[DATA RECORDS Boundary: Start]

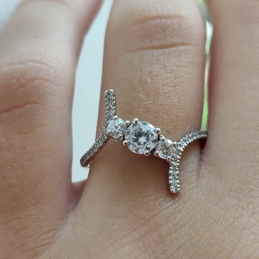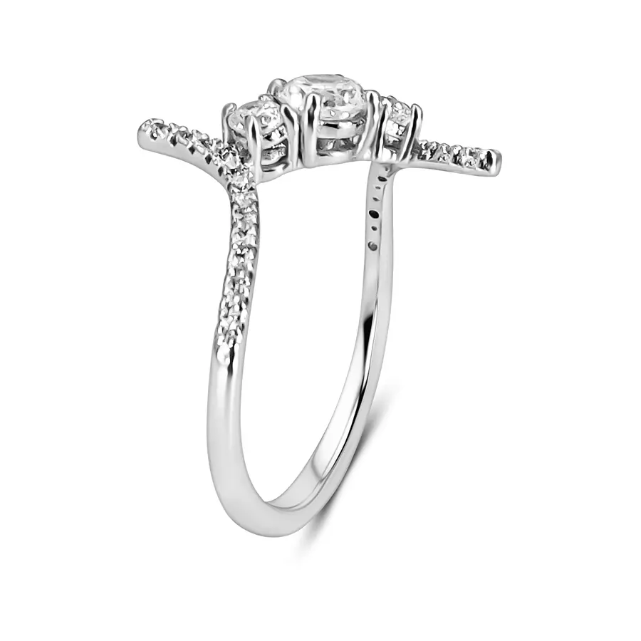 טבעת זורמת עם יהלום מרכזי גדול, שני בינוניים וגל של יהלומים קטנים מכל צד. קלאס באפס מאמץ.
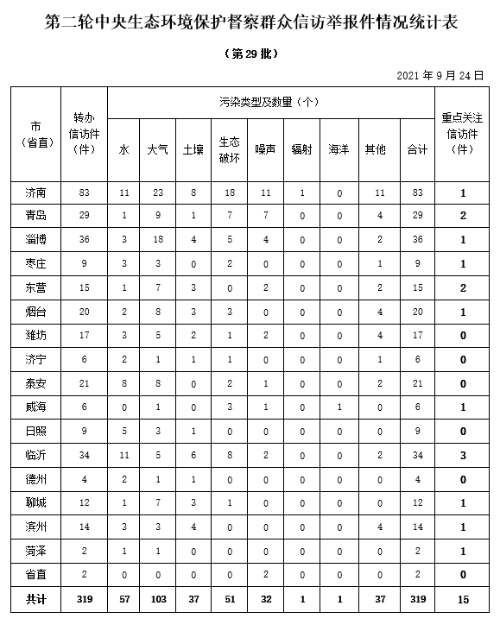 9月24日,中央第二生态环境保护督察组向我省转办信访件319件(重点关注件15件),其中来电75件,来信244件。本批信访件涉及济南市83件、青岛市29件、淄博市36件、枣庄市9件、东营市15件、烟台市20件、潍坊市17件、济宁市6件、泰安市21件、威海市6件、日照市9件、临沂市34件、德州市4件、聊城市12件、滨州市14件、菏泽市2件、省直部门2件。当日,上述信访件全部交办各市和省直部门。按照中央第二生态环境保护督察组的要求,信访举报件的办理情况须在10天内反馈到督察组,整改和处理情况将及时向社会公开。
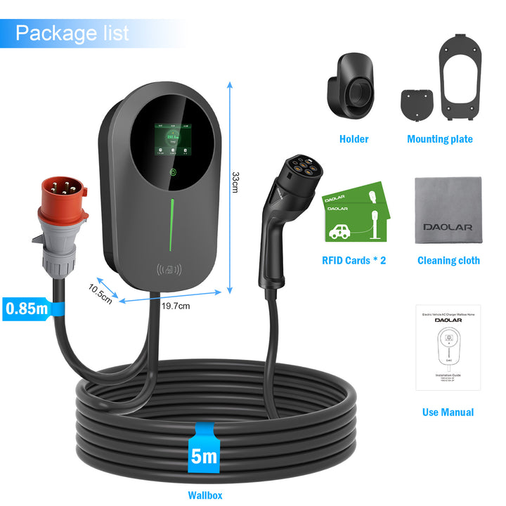 Daolar 11KW Wallbox Borne recharge de Voiture électrique avec APP, Triphasé 16A Intelligent EV Chargeur avec RFID & Protection AC + DC
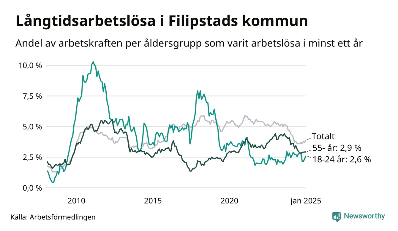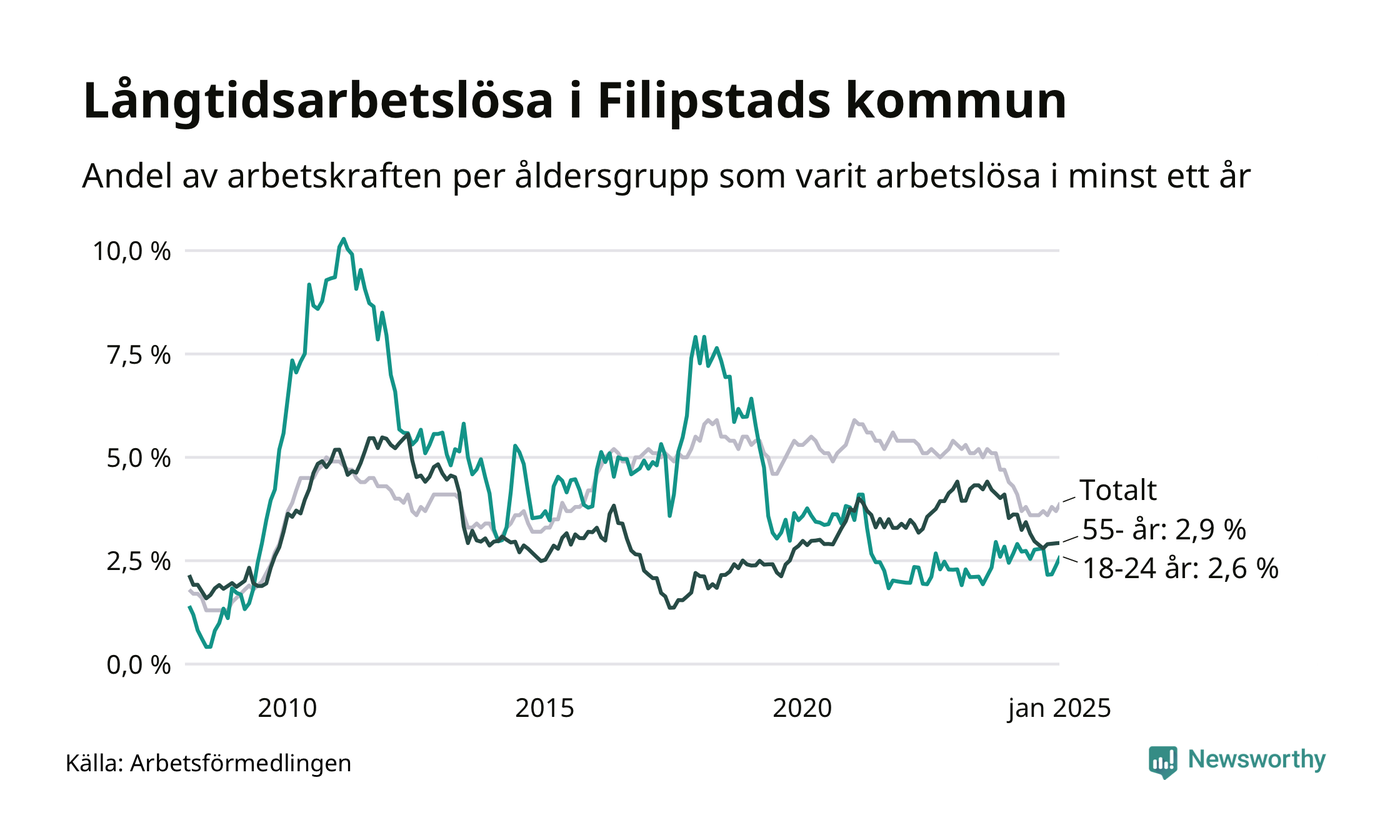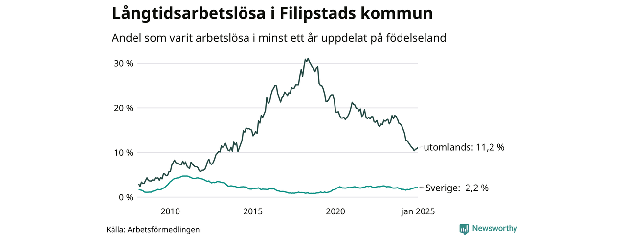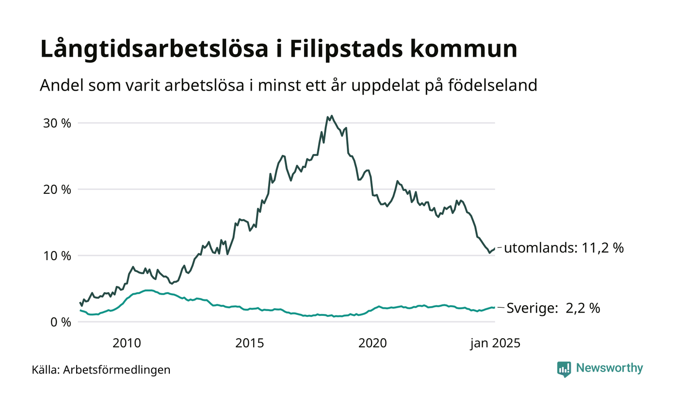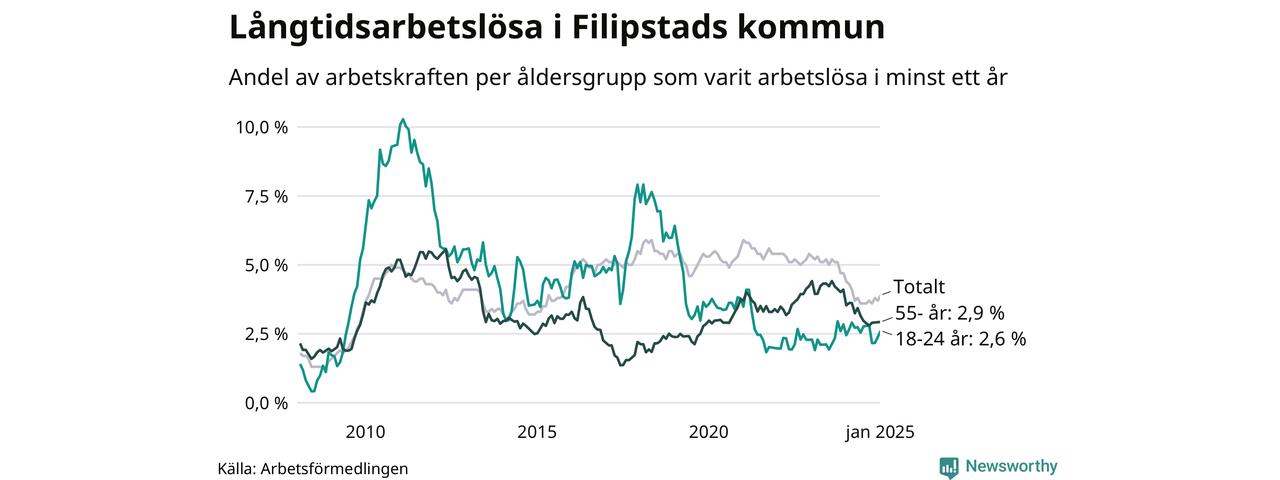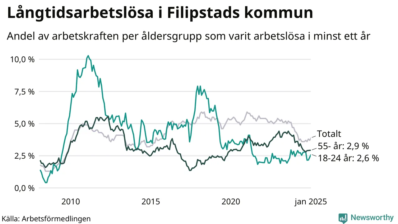 I januari hade 160 Filipstadsbor varit arbetslösa i minst ett år, vilket är fem fler än månaden innan. 160 personer motsvarar 3,9 procent av arbetskraften i kommunen – andelen långtidsarbetslösa är 0,5 procentenheter lägre än samma månad för ett år sedan.
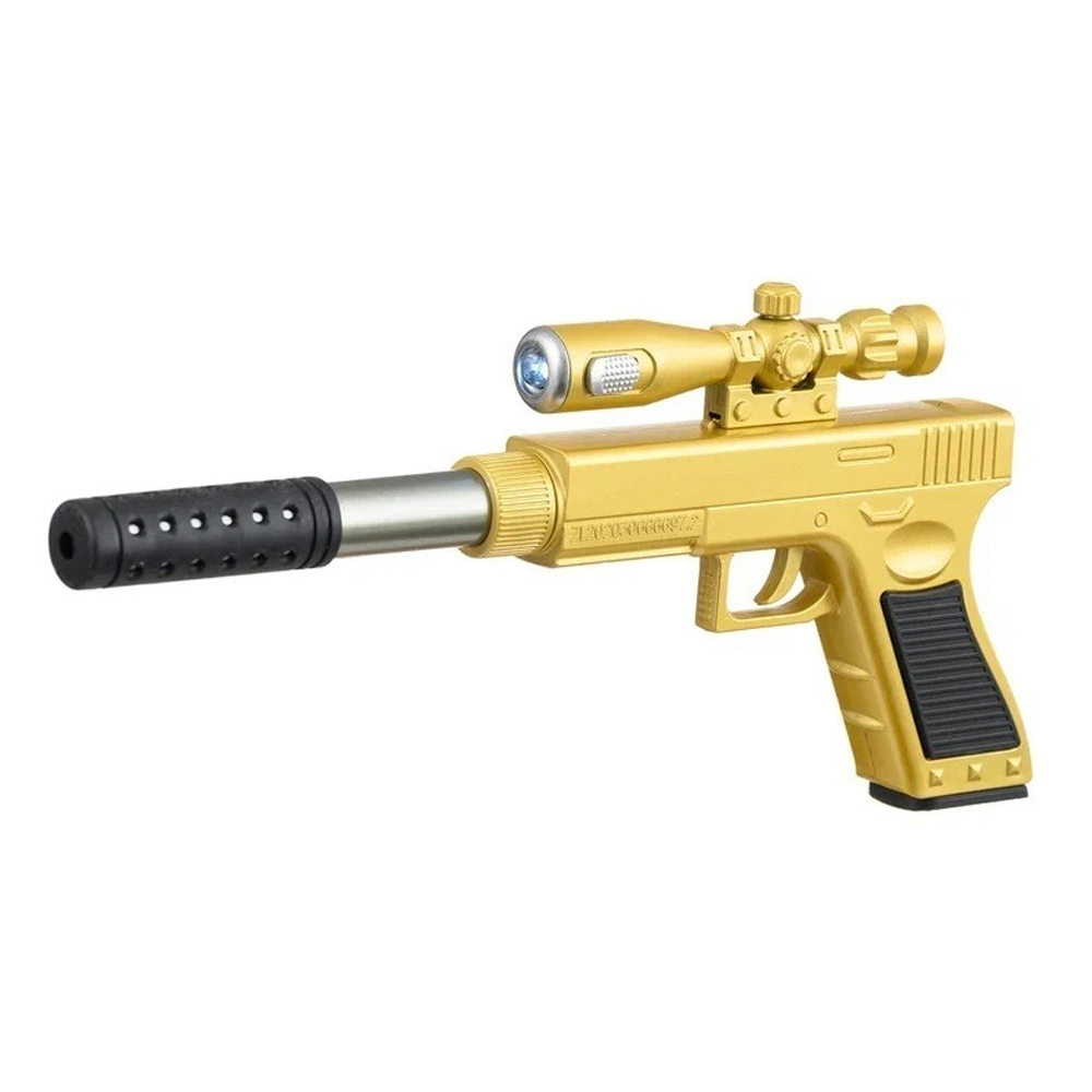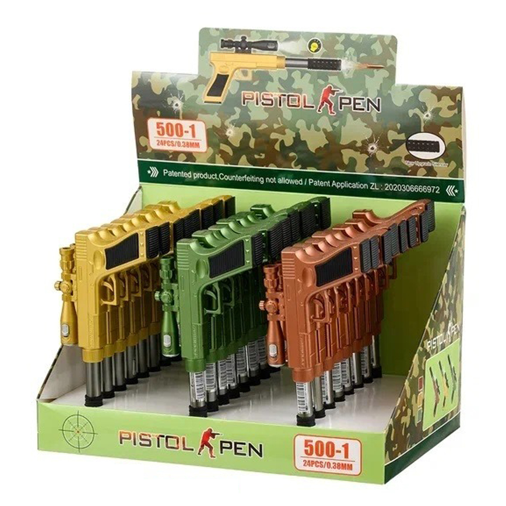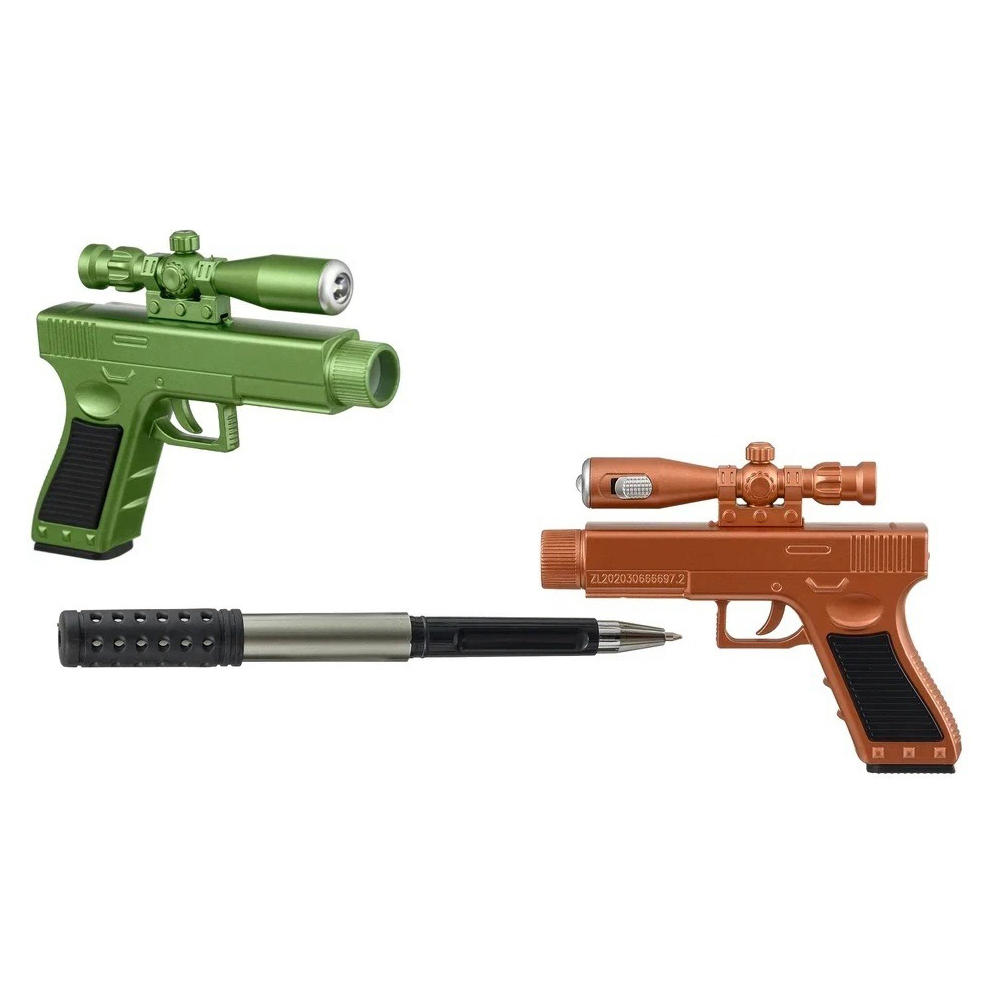 Ручка шариковая: "ПИСТОЛЕТ"; цветной корпус /ассорти/, колпачок выполнен в форме пистолета с прицелом /фонарик/, 0,38 mm, цвет чернил синий.
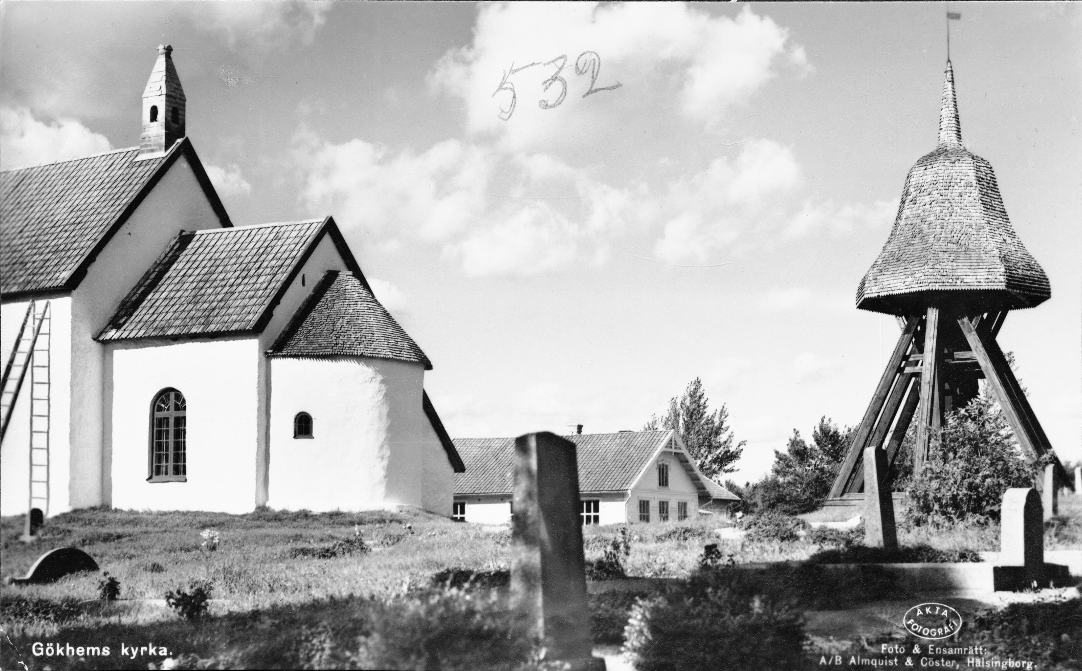 Kor, korabsid och klockstapel från sydöst. Vykort.
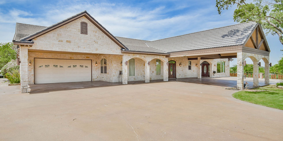 OWN A RARE PIECE OF PARADISE. Sprawling 1 acre Main body Lake Front property, situated behind private gate with guest house, workshop, & abundant storage. Large circle drive welcomes you into this stately stone & tile roof estate featuring, iron fixtures, cathedral ceilings Parque & ceramic tile flooring, with encompassing windows throughout. Prepare meals in Chefs eat-in kitchen w-unending rich wood cabinetry, DBL oven, granite counters, island, pantry & overlooks living with showpiece fireplace & wood beams. 2X Master suites boasting seating area & ensuite bath complemented by dual vanities, jetted tub, separate shower, and oversized walk-in closets. Additional features include sitting room, 2X gun closets, cedar closet, enormous utility w-sink . Sip coffee on multiple stained concrete covered porches or under pergola w- water views. Have fun on water with 2 story Trex boat dock w- lift, slide, private boat launch & beach side gazebo. Large covered parking, 2 car garage & storage area for boats. Just 2 miles from historic square shopping & dining. This exquisite Lakeside hideaway is a must see & wont last long!
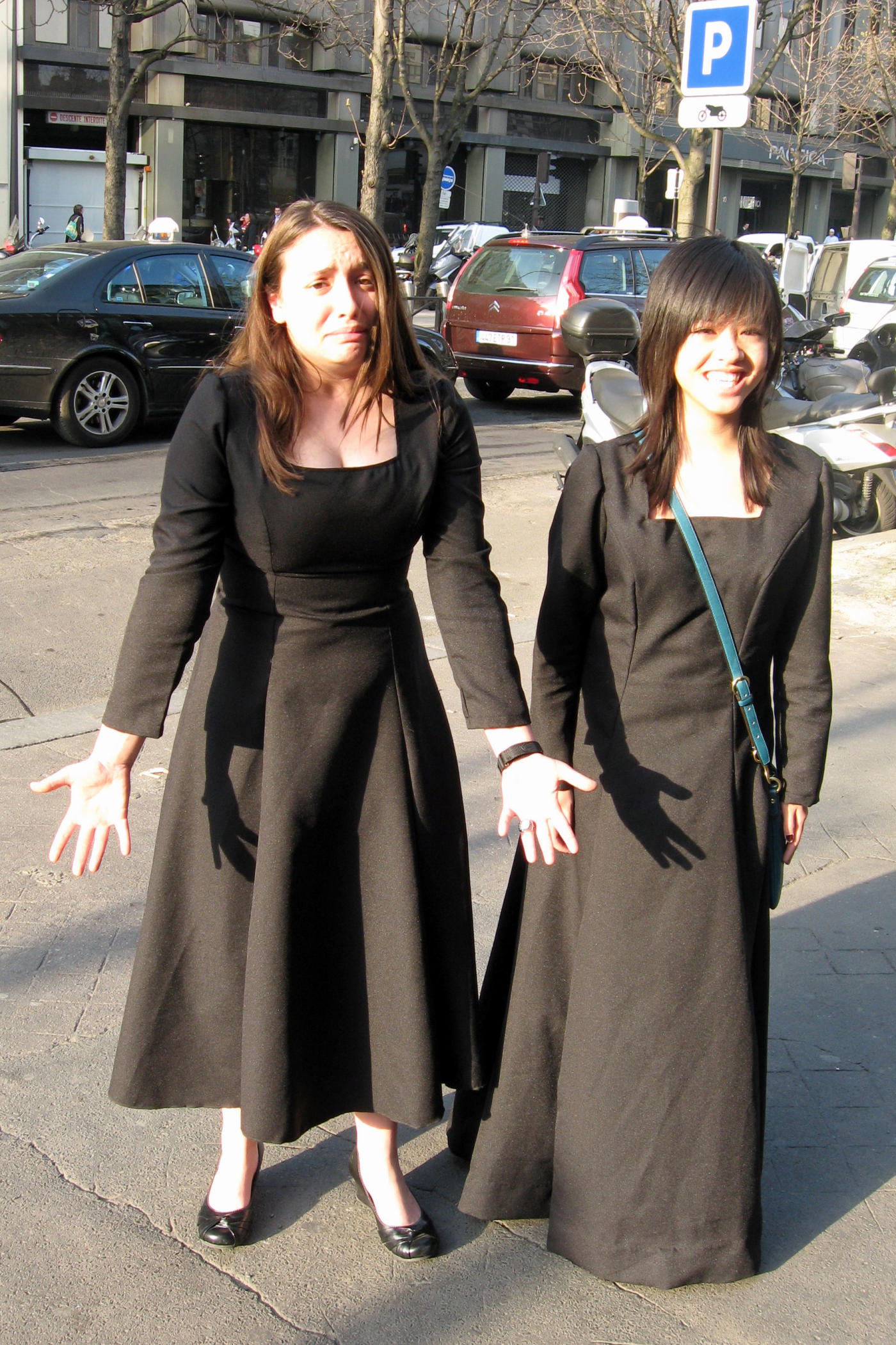 We had a concert scheduled for after dinner, so the boys changed into their tuxes in the bus on the way to the restaurant. This mostly consisted of putting on their shirts, ties, and jackets. The girls waited until all the boys were off where we parked a couple blocks from the restaurant. At the concert at La Madeleine, one of the violinists was wearing a dress that was way too tight for her. When we saw how short it was for her we said that whoever switched would be the one with the dress dragging the ground. Just then, her friend walked up, holding up her skirt. She had even helped zip her friend up, wondering who would have taken the wrong skirt! It was too late to go back to the bus, so they went to the restroom in the restaurant. It was one of those where one has to pay.
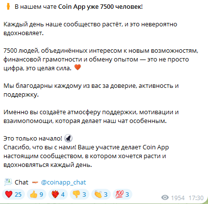 Всех участников тг-клуба «КоинАпп Ченел» создатели криптоплатформы приглашают присоединиться к общему чату под названием Coinapp chat. В настоящее время на сообщество пописано 8 367 фолловеров.

[DATA RECORDS Boundary: End]

TO DO: Leave out the pictures, and write out all the remaining data above exactly.

RESPONSE TO THE EXERCISE:
 טבעת זורמת עם יהלום מרכזי גדול, שני בינוניים וגל של יהלומים קטנים מכל צד. קלאס באפס מאמץ.
 9月24日,中央第二生态环境保护督察组向我省转办信访件319件(重点关注件15件),其中来电75件,来信244件。本批信访件涉及济南市83件、青岛市29件、淄博市36件、枣庄市9件、东营市15件、烟台市20件、潍坊市17件、济宁市6件、泰安市21件、威海市6件、日照市9件、临沂市34件、德州市4件、聊城市12件、滨州市14件、菏泽市2件、省直部门2件。当日,上述信访件全部交办各市和省直部门。按照中央第二生态环境保护督察组的要求,信访举报件的办理情况须在10天内反馈到督察组,整改和处理情况将及时向社会公开。
 Daolar 11KW Wallbox Borne recharge de Voiture électrique avec APP, Triphasé 16A Intelligent EV Chargeur avec RFID & Protection AC + DC
 I januari hade 160 Filipstadsbor varit arbetslösa i minst ett år, vilket är fem fler än månaden innan. 160 personer motsvarar 3,9 procent av arbetskraften i kommunen – andelen långtidsarbetslösa är 0,5 procentenheter lägre än samma månad för ett år sedan.
 Ручка шариковая: "ПИСТОЛЕТ"; цветной корпус /ассорти/, колпачок выполнен в форме пистолета с прицелом /фонарик/, 0,38 mm, цвет чернил синий.
 Kor, korabsid och klockstapel från sydöst. Vykort.
 OWN A RARE PIECE OF PARADISE. Sprawling 1 acre Main body Lake Front property, situated behind private gate with guest house, workshop, & abundant storage. Large circle drive welcomes you into this stately stone & tile roof estate featuring, iron fixtures, cathedral ceilings Parque & ceramic tile flooring, with encompassing windows throughout. Prepare meals in Chefs eat-in kitchen w-unending rich wood cabinetry, DBL oven, granite counters, island, pantry & overlooks living with showpiece fireplace & wood beams. 2X Master suites boasting seating area & ensuite bath complemented by dual vanities, jetted tub, separate shower, and oversized walk-in closets. Additional features include sitting room, 2X gun closets, cedar closet, enormous utility w-sink . Sip coffee on multiple stained concrete covered porches or under pergola w- water views. Have fun on water with 2 story Trex boat dock w- lift, slide, private boat launch & beach side gazebo. Large covered parking, 2 car garage & storage area for boats. Just 2 miles from historic square shopping & dining. This exquisite Lakeside hideaway is a must see & wont last long!
 We had a concert scheduled for after dinner, so the boys changed into their tuxes in the bus on the way to the restaurant. This mostly consisted of putting on their shirts, ties, and jackets. The girls waited until all the boys were off where we parked a couple blocks from the restaurant. At the concert at La Madeleine, one of the violinists was wearing a dress that was way too tight for her. When we saw how short it was for her we said that whoever switched would be the one with the dress dragging the ground. Just then, her friend walked up, holding up her skirt. She had even helped zip her friend up, wondering who would have taken the wrong skirt! It was too late to go back to the bus, so they went to the restroom in the restaurant. It was one of those where one has to pay.
 Всех участников тг-клуба «КоинАпп Ченел» создатели криптоплатформы приглашают присоединиться к общему чату под названием Coinapp chat. В настоящее время на сообщество пописано 8 367 фолловеров.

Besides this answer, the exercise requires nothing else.